Source information —
::::::::::
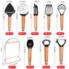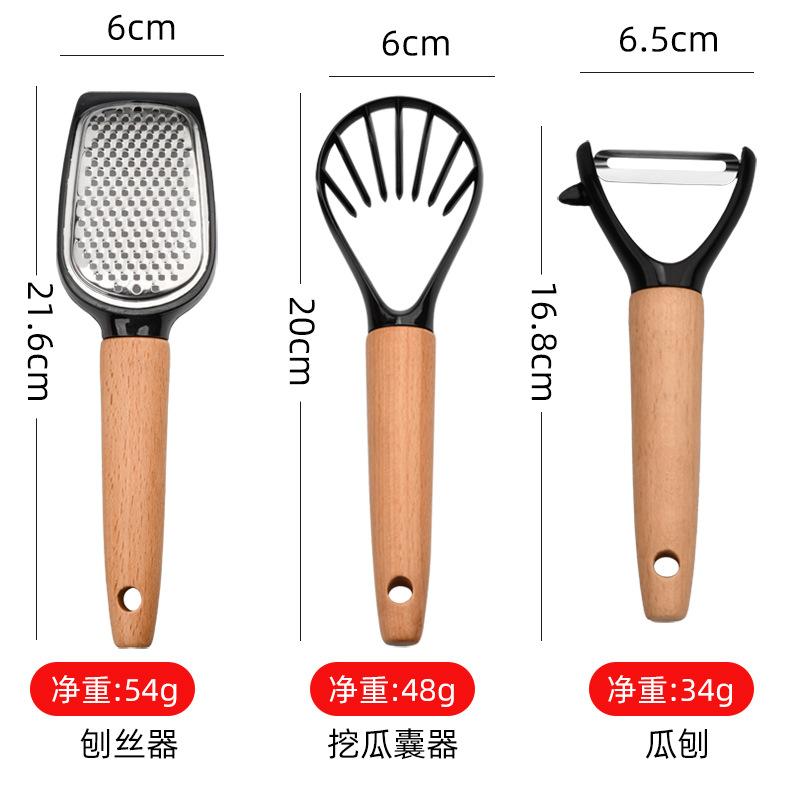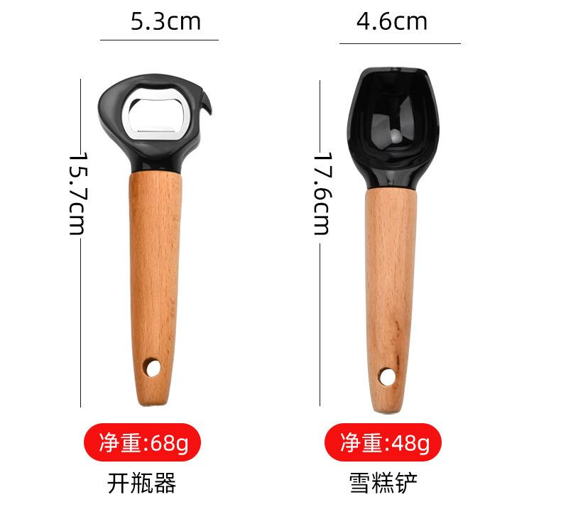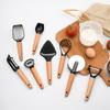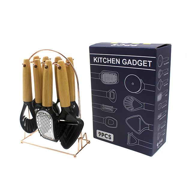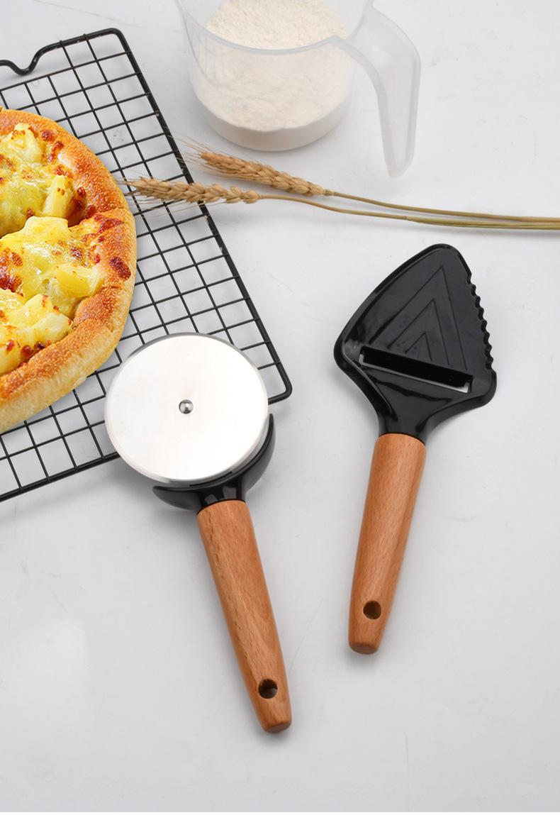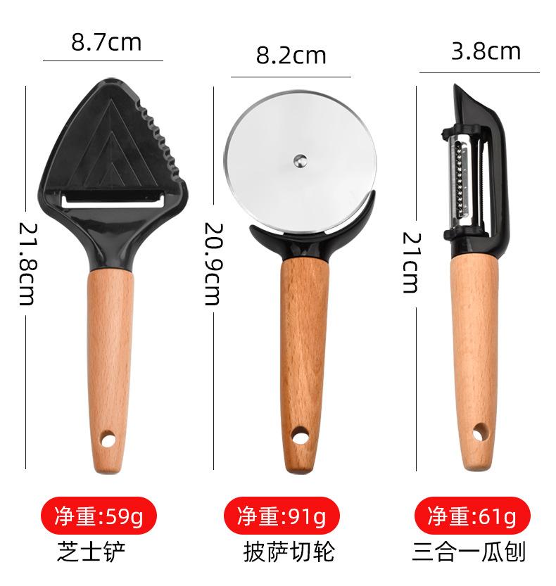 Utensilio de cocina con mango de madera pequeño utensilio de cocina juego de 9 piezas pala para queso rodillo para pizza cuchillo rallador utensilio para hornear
::::::::::
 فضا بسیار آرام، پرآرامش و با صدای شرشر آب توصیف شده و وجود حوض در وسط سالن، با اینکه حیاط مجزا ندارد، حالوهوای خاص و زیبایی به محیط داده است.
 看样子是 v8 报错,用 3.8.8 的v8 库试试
::::::::::
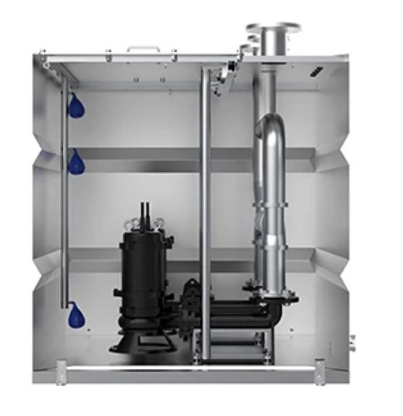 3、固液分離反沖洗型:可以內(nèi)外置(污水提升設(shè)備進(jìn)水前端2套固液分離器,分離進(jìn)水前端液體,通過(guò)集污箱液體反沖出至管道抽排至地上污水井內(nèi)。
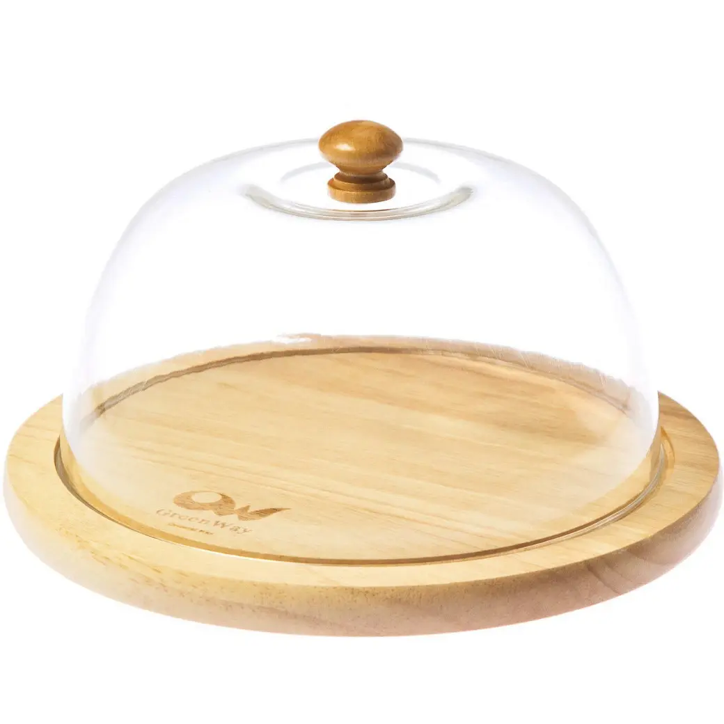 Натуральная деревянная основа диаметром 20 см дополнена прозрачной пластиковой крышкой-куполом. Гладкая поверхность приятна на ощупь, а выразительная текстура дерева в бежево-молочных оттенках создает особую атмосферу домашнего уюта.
::::::::::
Every line above from the line with "فضا بسیار آرام،" to the line with "看样子是 v8 报错,用 3.8.8 的v8 库试试", inclusive, must be returned exactly; no other line belongs in the reply.

Response to the task —
 فضا بسیار آرام، پرآرامش و با صدای شرشر آب توصیف شده و وجود حوض در وسط سالن، با اینکه حیاط مجزا ندارد، حالوهوای خاص و زیبایی به محیط داده است.
 看样子是 v8 报错,用 3.8.8 的v8 库试试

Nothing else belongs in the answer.